The task: Keep every word of the listing and reproduce it exactly, but set aside any image found there.

Dataset content:
=====
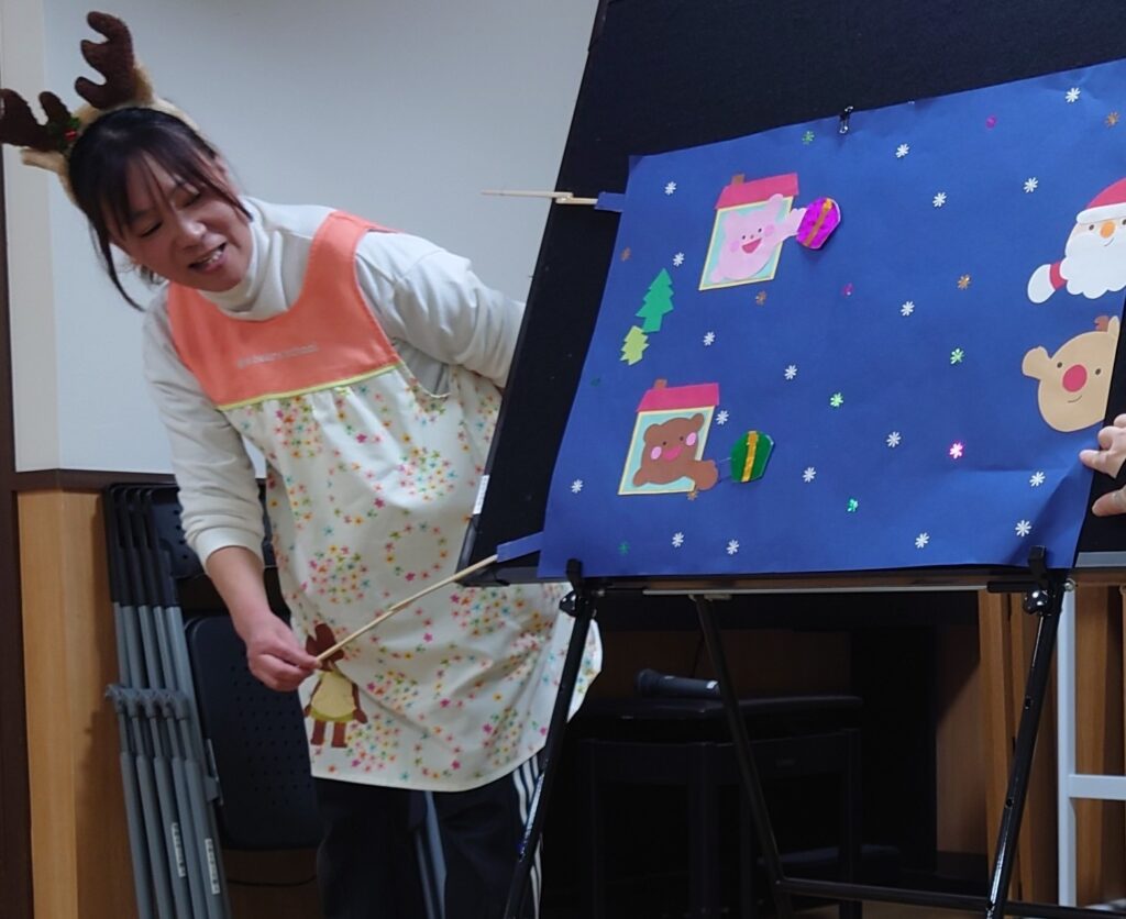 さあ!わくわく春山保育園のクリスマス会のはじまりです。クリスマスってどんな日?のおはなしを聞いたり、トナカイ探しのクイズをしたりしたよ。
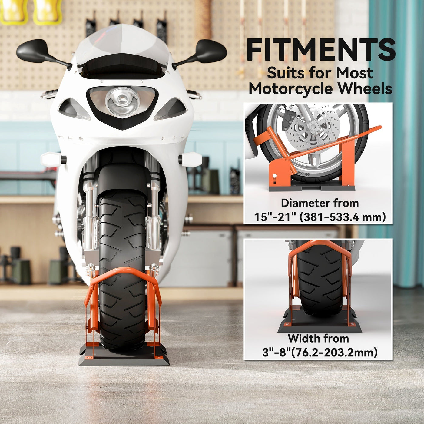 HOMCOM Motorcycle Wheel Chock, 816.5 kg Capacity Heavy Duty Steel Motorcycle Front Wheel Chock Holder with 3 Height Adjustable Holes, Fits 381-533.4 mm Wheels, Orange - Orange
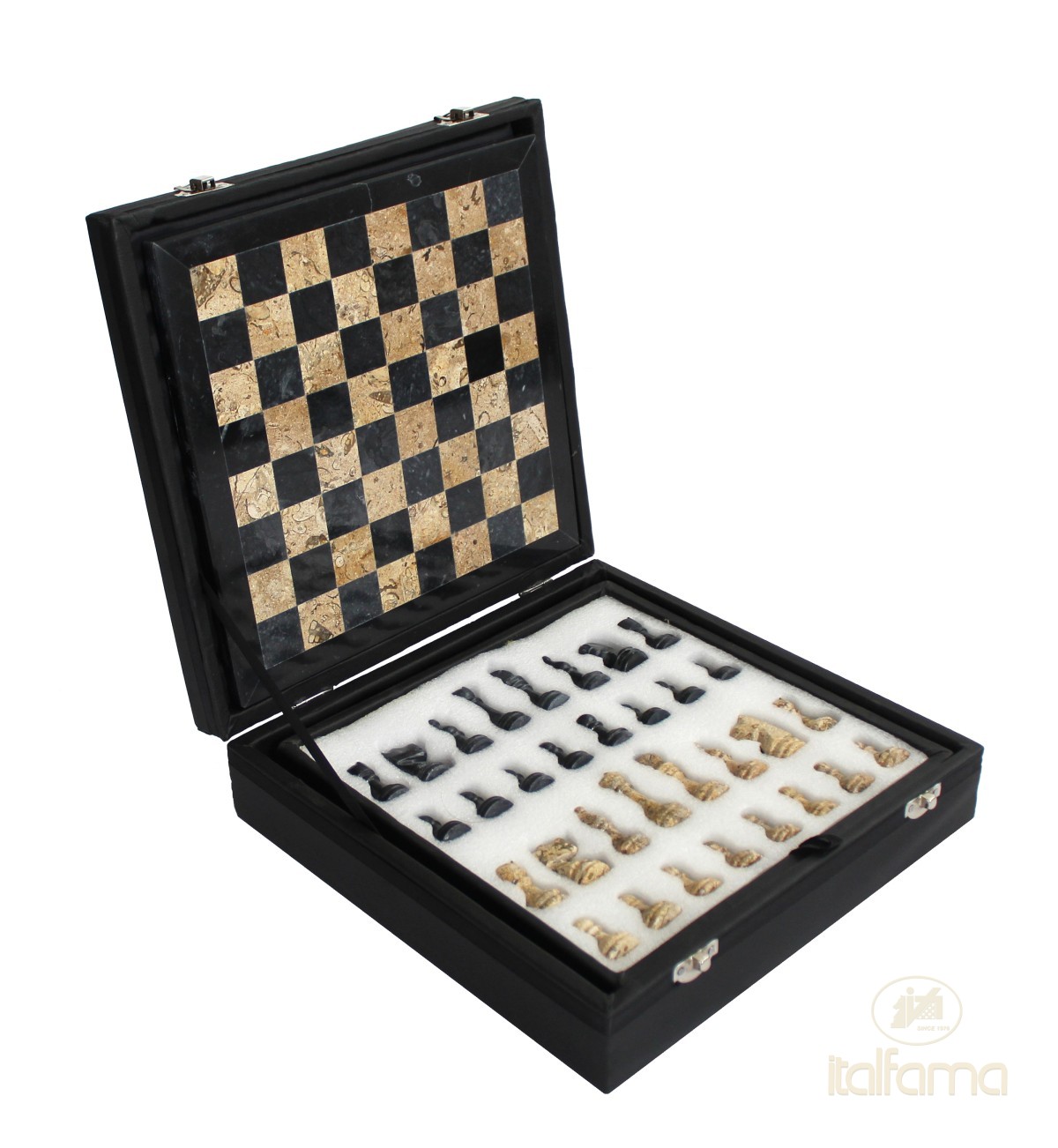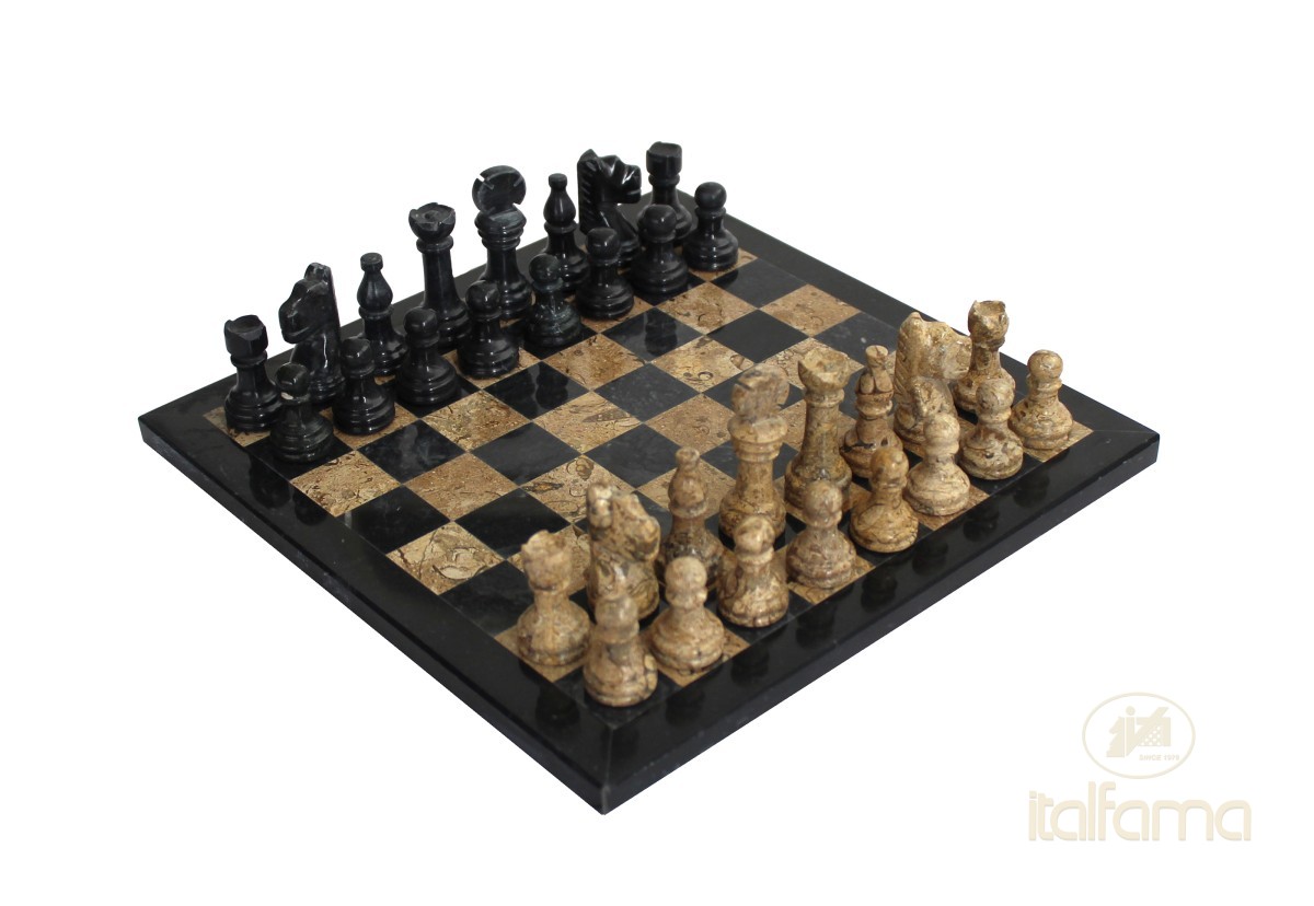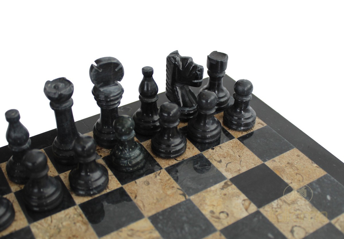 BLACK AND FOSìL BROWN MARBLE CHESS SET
=====
Finished task:
 さあ!わくわく春山保育園のクリスマス会のはじまりです。クリスマスってどんな日?のおはなしを聞いたり、トナカイ探しのクイズをしたりしたよ。
 HOMCOM Motorcycle Wheel Chock, 816.5 kg Capacity Heavy Duty Steel Motorcycle Front Wheel Chock Holder with 3 Height Adjustable Holes, Fits 381-533.4 mm Wheels, Orange - Orange
 BLACK AND FOSìL BROWN MARBLE CHESS SET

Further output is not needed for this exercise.